Sally was living in a small blue house not far from the university. A young blond woman, perhaps twenty years old, came to the door, crunching on a stalk of celery filled with orange pimento cheese spread. She said, “You must be Virgil. Sally’ll be right out.”
“Who’re you?” Virgil asked, as he stepped inside. The house was neatly kept, and sparsely furnished, like a bachelor woman might do it.

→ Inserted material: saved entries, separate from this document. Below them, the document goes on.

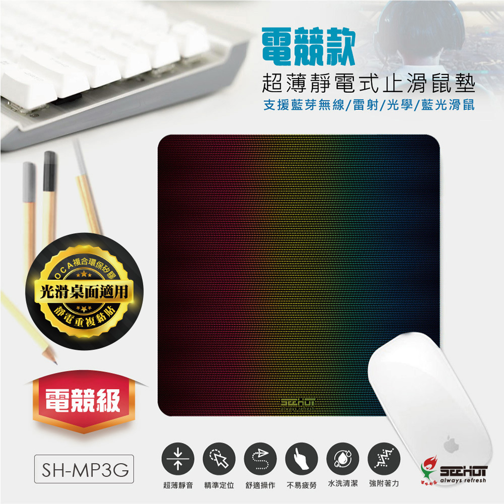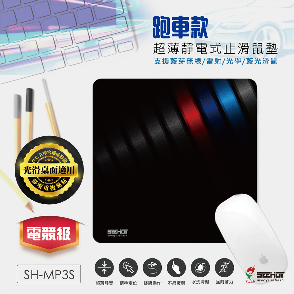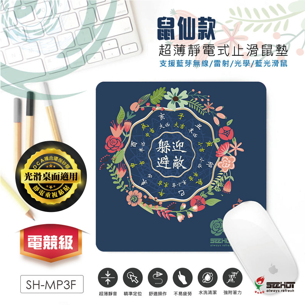 1.撕下背面膠片,黏貼在預使用滑鼠的光滑桌面上使用。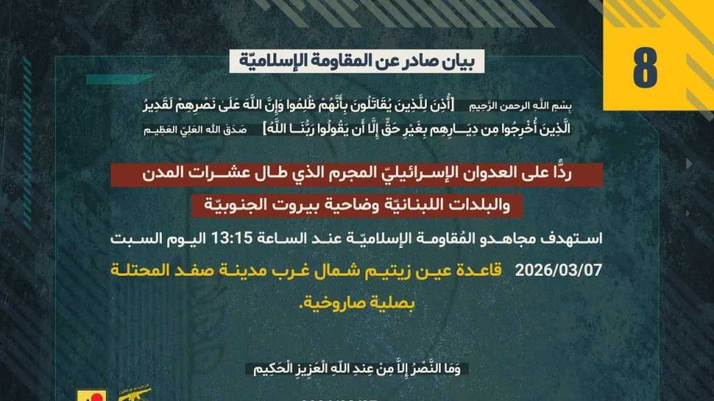 بيان صادر عن المقاومة الإسلامية (8): استهداف قاعدة عين زيتيم شمال غرب مدينة صفد المحتلة بصلية صاروخية.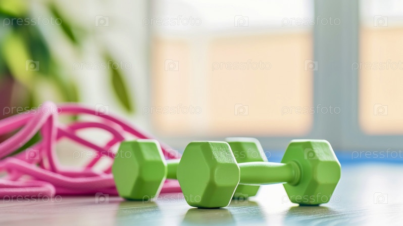 Зеленые гантели и розовая скакалка лежат на ярком, чистом полу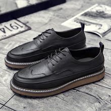 夏季英伦尖头套脚休闲皮鞋男士韩版发型师布洛克潮鞋青年厚底男鞋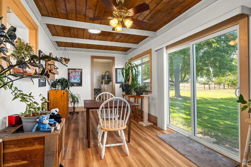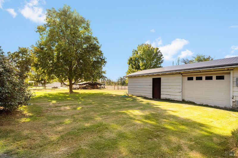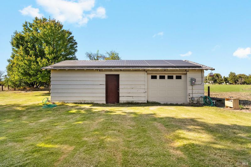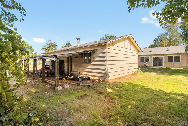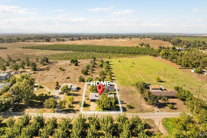 Welcome to 23500 Salt Creek Road, a charming 3-bedroom, 2-bath home set on nearly half an acre along a quiet country road just outside Dairyville. Framed by orchards across the way and open land behind, this property offers the best of rural tranquility with everyday convenience. Inside, you'll find a warm and inviting interior with plenty of natural light. The galley-style kitchen provides ample storage and counter space, opening to a cozy dining area and spacious living room centered around a striking brick fireplace perfect for relaxing evenings at home. The home's efficient layout provides both comfort and functionality, ideal for everyday living or weekend getaways. Outside, the .45-acre lot offers room to garden, play, or simply relax under the shade of mature trees. The property's solar panels power the home, helping to keep energy costs low, while the large detached garage doubles as a workshop with endless possibilities for projects, hobbies, or storage. Located just minutes from Red Bluff and Dairyville, this peaceful retreat blends comfort, practicality, and country charm all in one inviting package.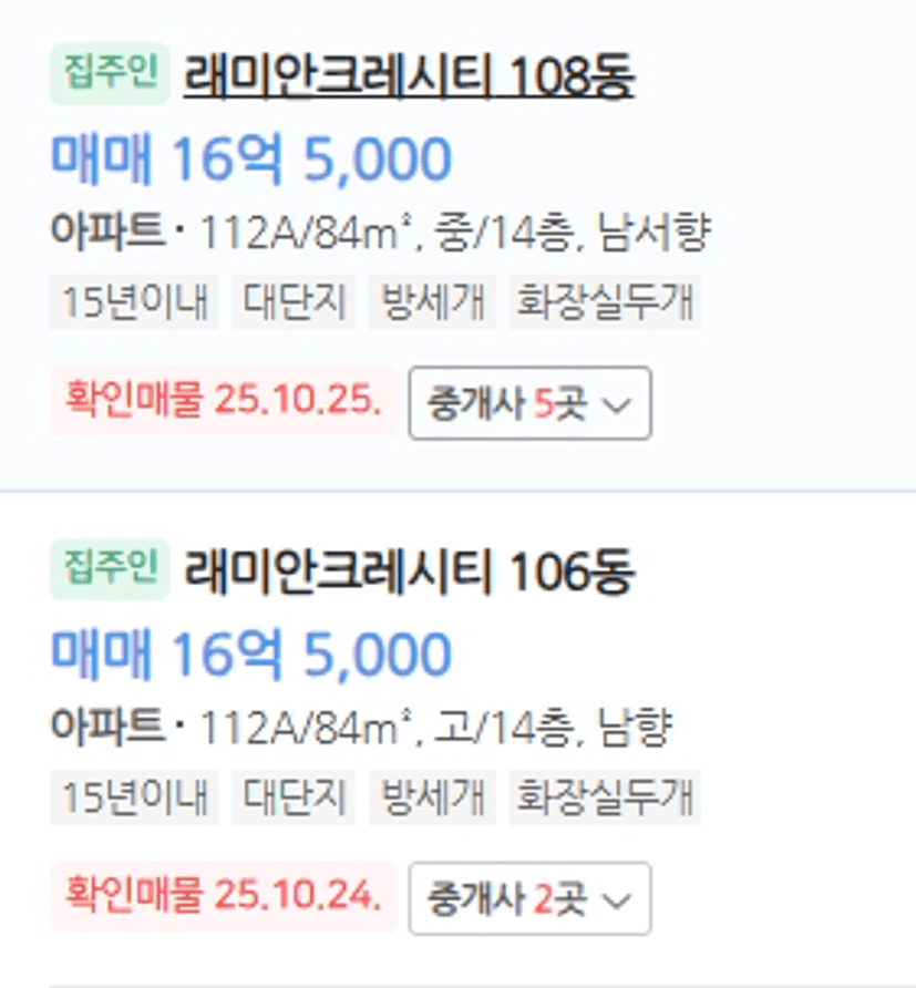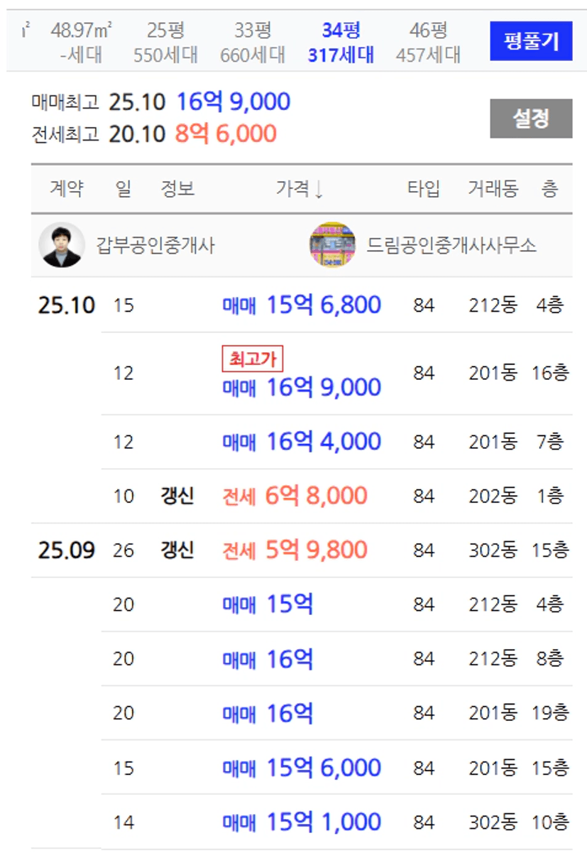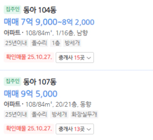 답십리 두산 동아 84는 나란히 8.6-7억 거래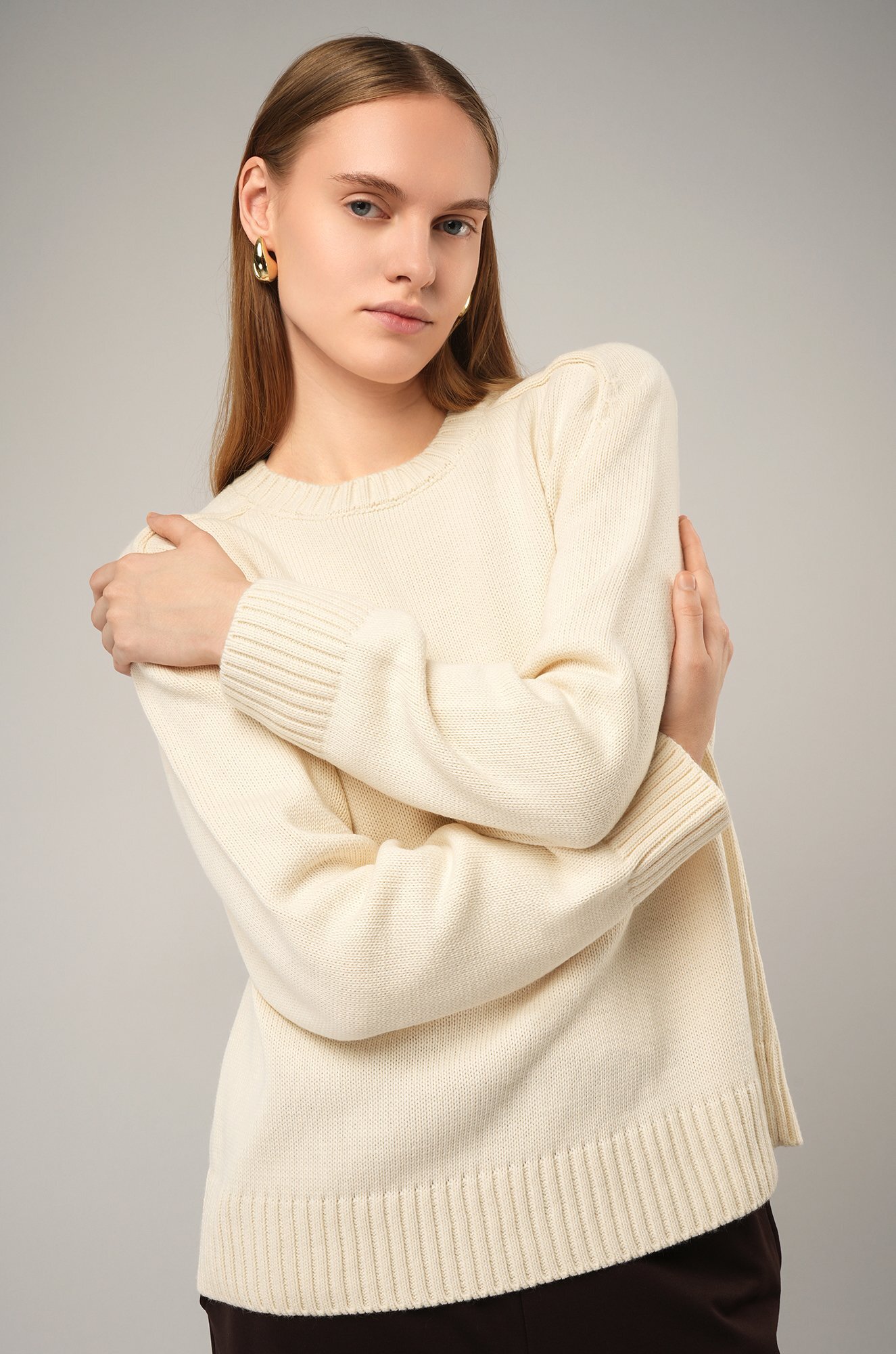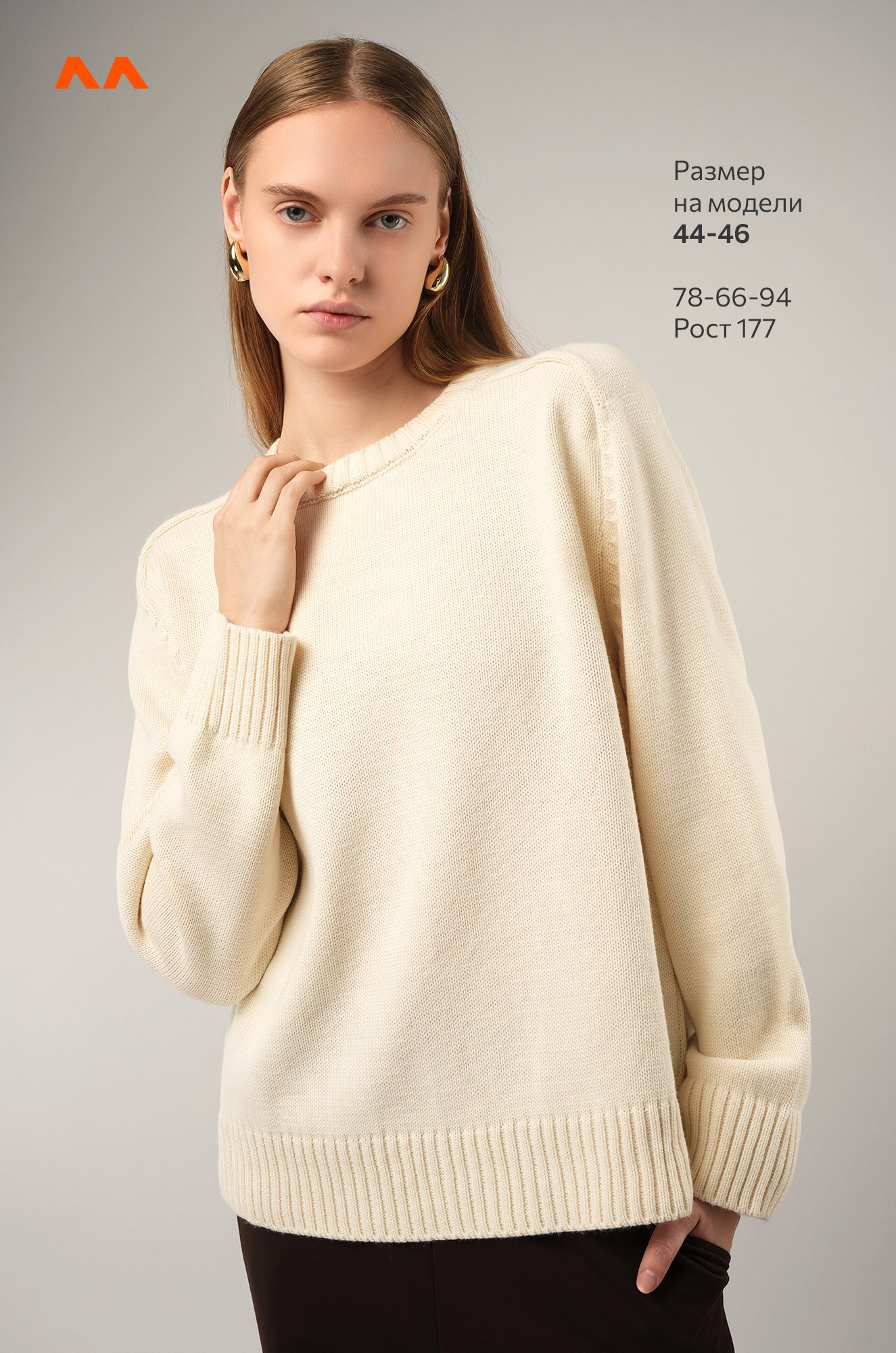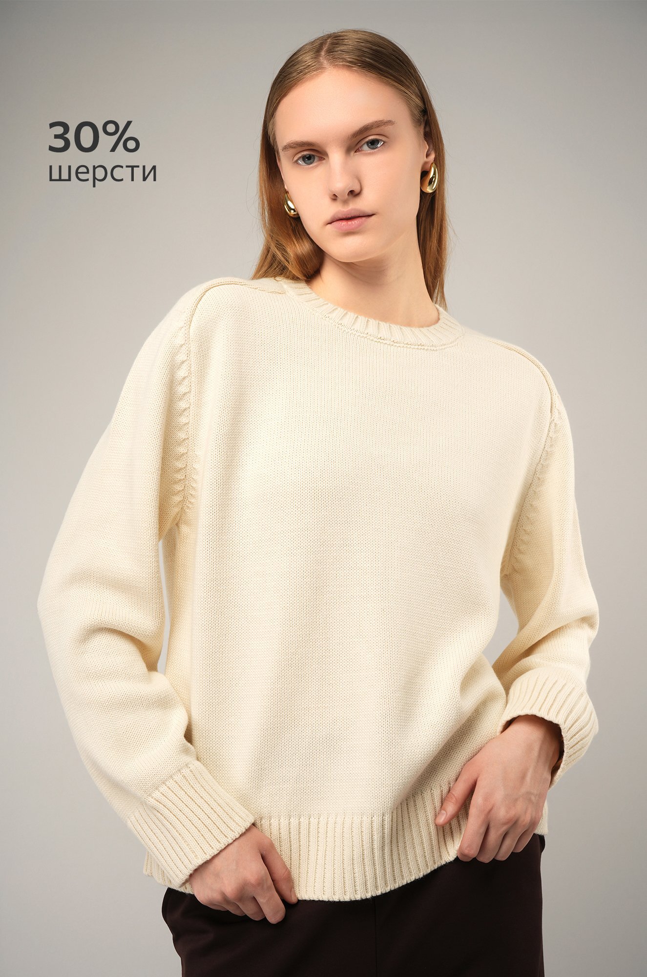 — однотонный джемпер молочного цвета отлично подходит для прогулок осенью и зимой, повседневных выходов и уютных вечеров дома.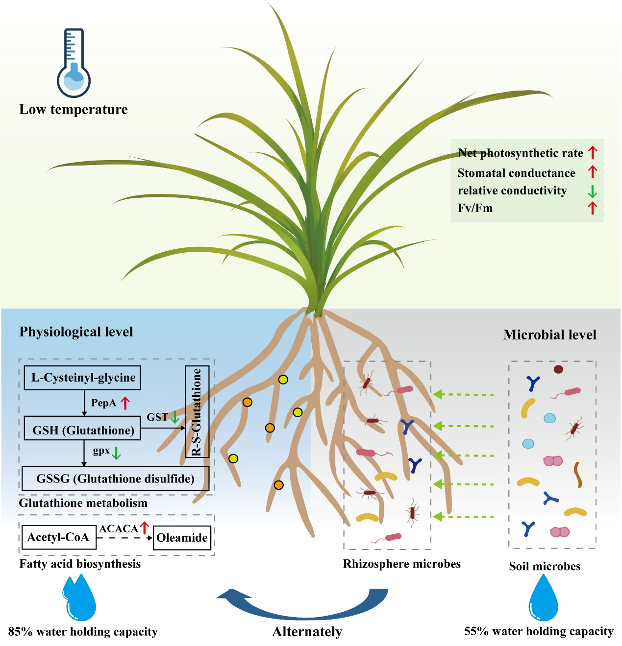 低温导致作物植株细胞膜通透性改变、限制光合碳同化能力,对作物生产造成极大影响。根际微生物通过代谢调节、细菌细胞外多糖产生、抗氧化防御和促进根系生长等方式帮助作物应对环境胁迫。分根区干旱灌溉已被广泛用于调节作物根系发育和缓解环境胁迫,但现有的研究主要关注干旱和盐胁迫下作物的生理机制,对灌溉诱导的根系代谢和根际微生物组的改变如何促进低温抗性的见解有限。

“Barbara,” the woman said.
“I’m a student. I rent the garage loft from Sally.”
• • •
SALLY TOOK ANOTHER five minutes and Virgil sat on the couch and watched Barbara munch through another two stalks of celery—Virgil turned down the offer of one, saying, “We’re going out to dinner”—and found out that Barbara was studying studio arts. “The problem is, I don’t have any talent,” she said.
“That’s a good thing to find out,” Virgil said.
“The other problem is, I’m not interested in anything else. So, what do you think I should do?”
“Why’d you italicize the you?”
“Because I’ve asked everybody else, and they all give me bullshit answers. So see, I’m relying on you to give me a non-bullshit answer.” She crossed her legs, and cocked her head, waiting for an answer.
“Well,” Virgil said, after a minute, “I never wanted to be a cop, but I just kind of got there. I didn’t plan it, but I found out that it’s pretty interesting. So, if I were you, I’d look around for something that seems like it might be an important job, and just pick it. Even if you’re not too interested in the general subject matter right now, if it’s really important, you’ll get interested in it later, when you start learning the details of it.”
She peered at him as she gnawed down the second of the two celery stalks, then said, “That sounded less bullshitty than most answers. Not entirely un-bullshitty, but mostly.”
“Well, good, then,” Virgil said. “I passed.”
• • •
“PASSED WHAT?” Sally asked, as she came into the room from the back of the house. “Are we talking kidney stones?”
Virgil stood up and thought, Ooo, and pecked her on the cheek. She was wearing a silky black blouse and tight black jeans, tucked into cowboy boots with turquoise cutouts that looked like they were right off the prairies of New York’s Upper East Side.
“Talking about what Barbara should do in life,” Virgil said. And, “Great boots. You got horses?”
“Two,” she said. “The old man’s got a ranch west of town.”